▸ Data shown:
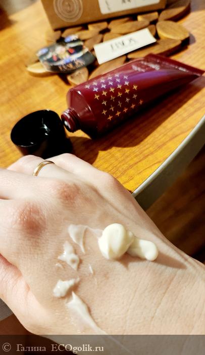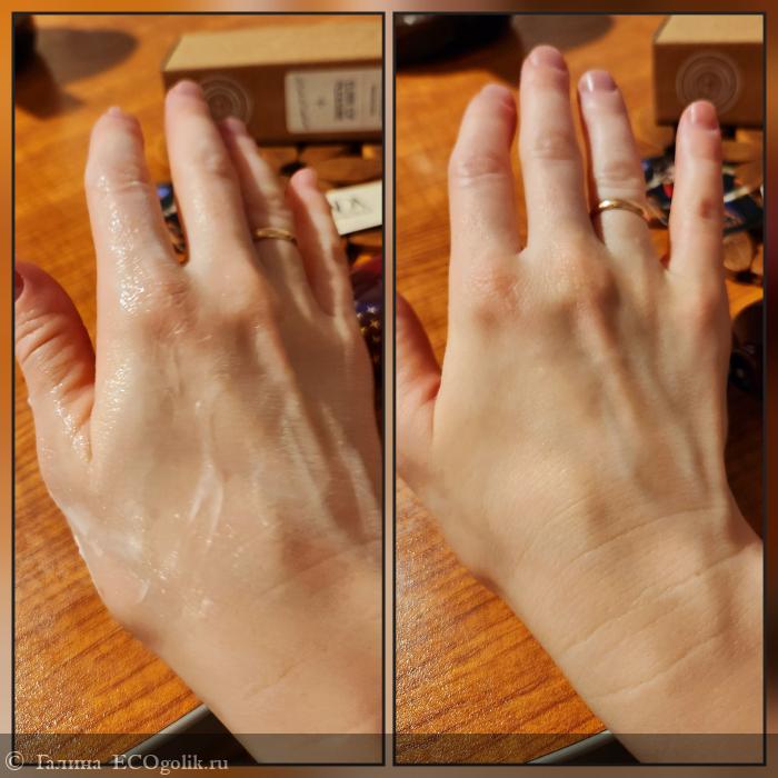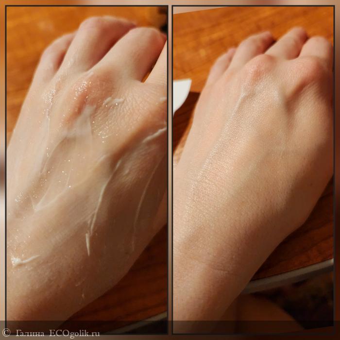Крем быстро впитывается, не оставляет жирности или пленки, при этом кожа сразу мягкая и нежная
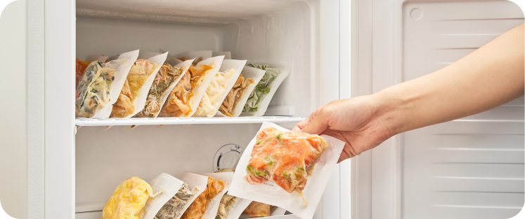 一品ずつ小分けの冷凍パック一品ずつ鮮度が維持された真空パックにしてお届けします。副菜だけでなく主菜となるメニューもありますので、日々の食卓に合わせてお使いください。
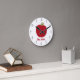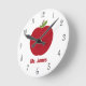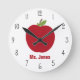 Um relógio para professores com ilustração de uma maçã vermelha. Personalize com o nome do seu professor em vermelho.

▸ What you should do:
Leave out the pictures, and please output only the lines from the line that contains "一品ずつ小分けの冷凍パック一" through the end of the data, both ends included.

▸ Answer below:
 一品ずつ小分けの冷凍パック一品ずつ鮮度が維持された真空パックにしてお届けします。副菜だけでなく主菜となるメニューもありますので、日々の食卓に合わせてお使いください。
 Um relógio para professores com ilustração de uma maçã vermelha. Personalize com o nome do seu professor em vermelho.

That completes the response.